• 02-28-2010
SilentPirate007
If you have a look at the following code:

Code:

```#include <stdio.h> int main() {           int answer;//users answer input                   {           printf("\nIf:");           printf("\n2 + 3 = 10\n");           printf("7 + 2 = 63\n");           printf("6 + 5 = 66\n");           printf("8 + 4 = 96\n");           }           do           {           printf("\nThen:\n");           printf("\n9 + 7 = ");           scanf("%d", &answer);           }           while(answer != 144);//only loops if the answer is anything but 144           return 0;  }```
If you compile and run the program, it would look like this:

If:
2 + 3 = 10
7 + 2 = 63
6 + 5 = 66
8 + 4 = 96

Then:

9 + 7 = 27// red only implies its wrong in this example for demonstration purposes'.

Then:

9 + 7 = 144//The program will now end

What I really want is that the program give the statement "Try again y/n?" so the user can opt to try again. Example:

If:
2 + 3 = 10
7 + 2 = 63
6 + 5 = 66
8 + 4 = 96

Then:

9 + 7 = 23

Wrong! Try Again "y" or "n"? //if the answer is y, then the program will loop the same way until the user either types n or gets it right.
• 02-28-2010
nonpuz
Well you need to adjust the structure of your
Code:

` do { } while`
loop to fringe on the Y/N answer, not the answer == 144. Which also means you will need to add a
Code:

`if (answer == 144) break;`
statement if you want it to also terminate on the answer equaling 144, or you could also include that in the while condition but that would be a bit messy.
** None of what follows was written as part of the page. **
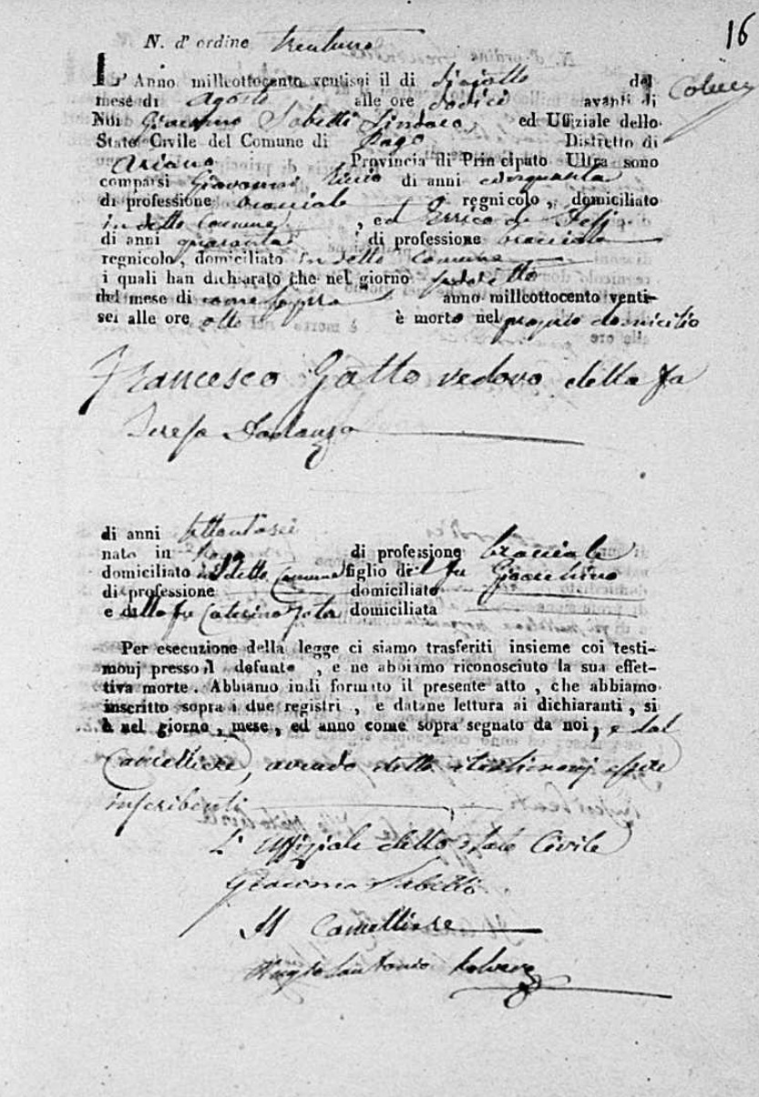 Francesco Gatto was born in 1750 in Pago Veiano, Benevento, Campania, Italy. He and

Reading in Y/N answer properly is beyond this response but I'll tell you using
Code:

`scanf("%c",&some_char)`
is definitely
not a good solution.

You should use fgets and an appropriate buffer, this is because you are likely to leave user input in the buffer. Which means it will likely pass that to the next scanf call instead of getting new user input. Even with fgets you could still easily leave user input in as you are not making an unbuffered call so the user is free to type pages of data when you only want a single Y/N input heh.
• 02-28-2010
karthigayan
Is this you want ,

Code:

```#include <stdio.h> int main() {         int answer;//users answer input         char opt[2];         {                 printf("\nIf:");                 printf("\n2 + 3 = 10\n");                 printf("7 + 2 = 63\n");                 printf("6 + 5 = 66\n");                 printf("8 + 4 = 96\n");         }         while(1)         {                 printf("\nThen:\n");                 printf("\n9 + 7 = ");                 scanf("%d", &answer);                 if(answer==144)                 {                         printf("It's right\n");                         break;                 }                 else                 {                         printf("Wrong ! Try again ( Y(y) / N(n)) : "); again:                         scanf("%s",opt);                         if(strcmp(opt,"Y")==0||strcmp(opt,"y")==0 )                                 continue;                         else if(strcmp(opt,"N")==0 ||strcmp(opt,"n")==0)                                 break;                         else                                 printf("Invalid option (Y(y) / N(n))");                         goto again;                 }         } }```
Thanks
• 03-01-2010
Elysia
Don't hand out solutions! Neither you nor anyone else will benefit for it!
Furthermore, you should work on your own code: do NOT use goto!
All can be solved with a little logic. Write a flowchart, then write out the code.
• 03-01-2010
Tool
Dont use scanf.
Code:

```do           {           printf("\nThen:\n");           printf("\n9 + 7 = ");           scanf("%d", &answer);           }           while(answer != 144);```
If your input is a letter, this will end up being a infinite loop.